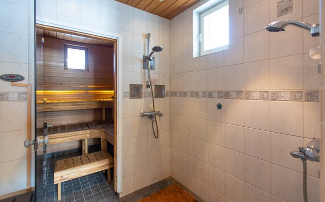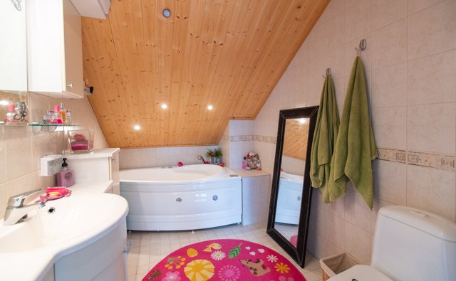- alakerrassa 2 suihkua, yläkerran kylpyhuoneessa poreamme, suihku, wc istuin, peilikaappi, lattialämpö
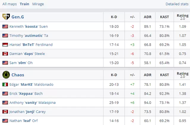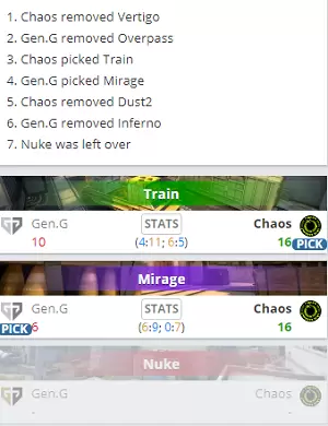 Chaos 2-0 GEN.G(Train 16-10;Mirage 16-6)
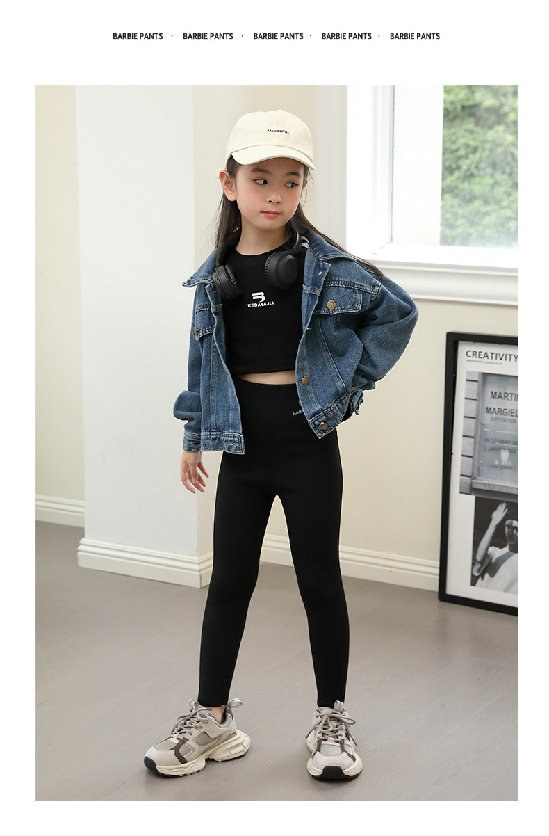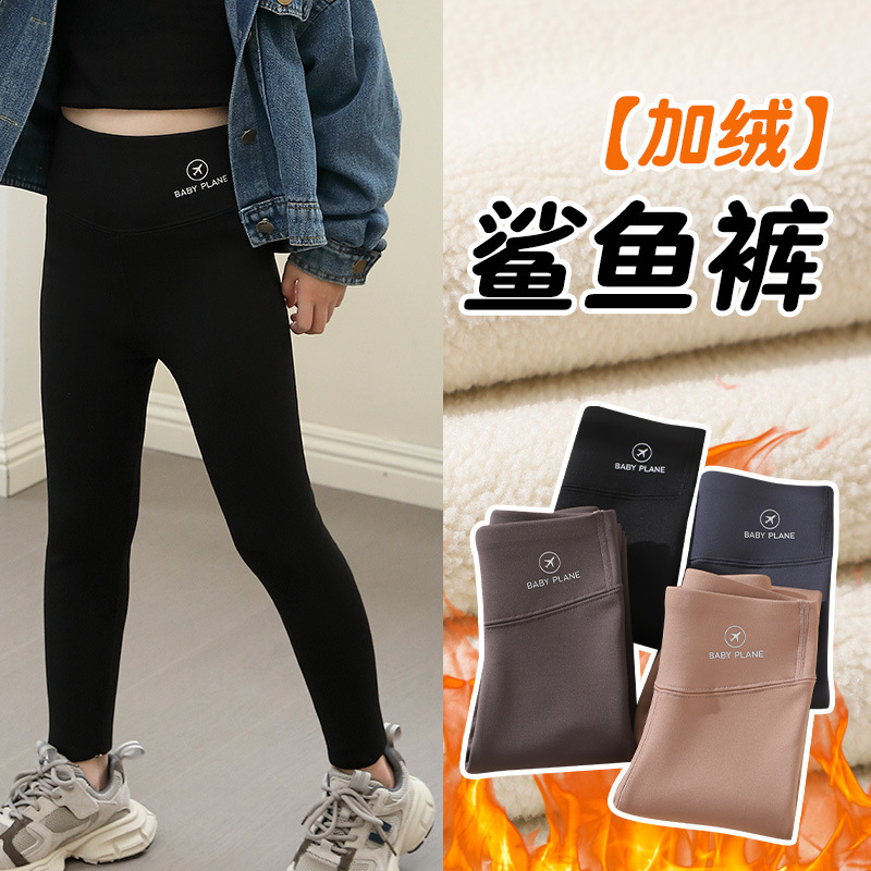 여아 기모 레깅스 2023 가을/겨울 어린이 상어 바지 큰 어린이 두꺼운 바지 스트레치 매직 바지 9 포인트스토어 가기
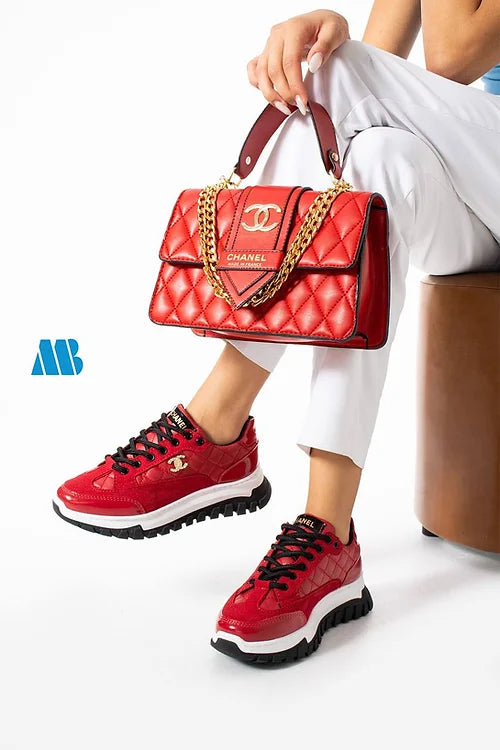 Olá, nosso contacto: 84-7374872; 84 382 205; 87 434 1611; Produto: Sapatilhas e bolsa combinada CHANEL
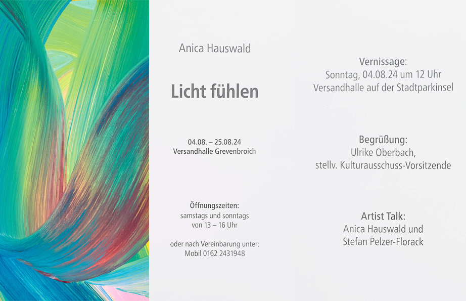 Am Sonntag, 04.08.2024 um 12 Uhr wird eine neue Ausstellung unter dem Titel „Licht fühlen“ in der Versandhalle eröffnet. Die Künstlerin Anica Hauswald, geboren in Düren, studierte an der Kunstakademie Düsseldorf als Meisterschülerin von Professor Herbert Brandl.
━━━━━━━━━━━━━━━━
To do: Reproduce nothing but the lines that run from the line containing "Olá, nosso contacto: 84-7374872;" through the last line of the records, inclusive. Omit the pictures.

Response to the task:
 Olá, nosso contacto: 84-7374872; 84 382 205; 87 434 1611; Produto: Sapatilhas e bolsa combinada CHANEL
 Am Sonntag, 04.08.2024 um 12 Uhr wird eine neue Ausstellung unter dem Titel „Licht fühlen“ in der Versandhalle eröffnet. Die Künstlerin Anica Hauswald, geboren in Düren, studierte an der Kunstakademie Düsseldorf als Meisterschülerin von Professor Herbert Brandl.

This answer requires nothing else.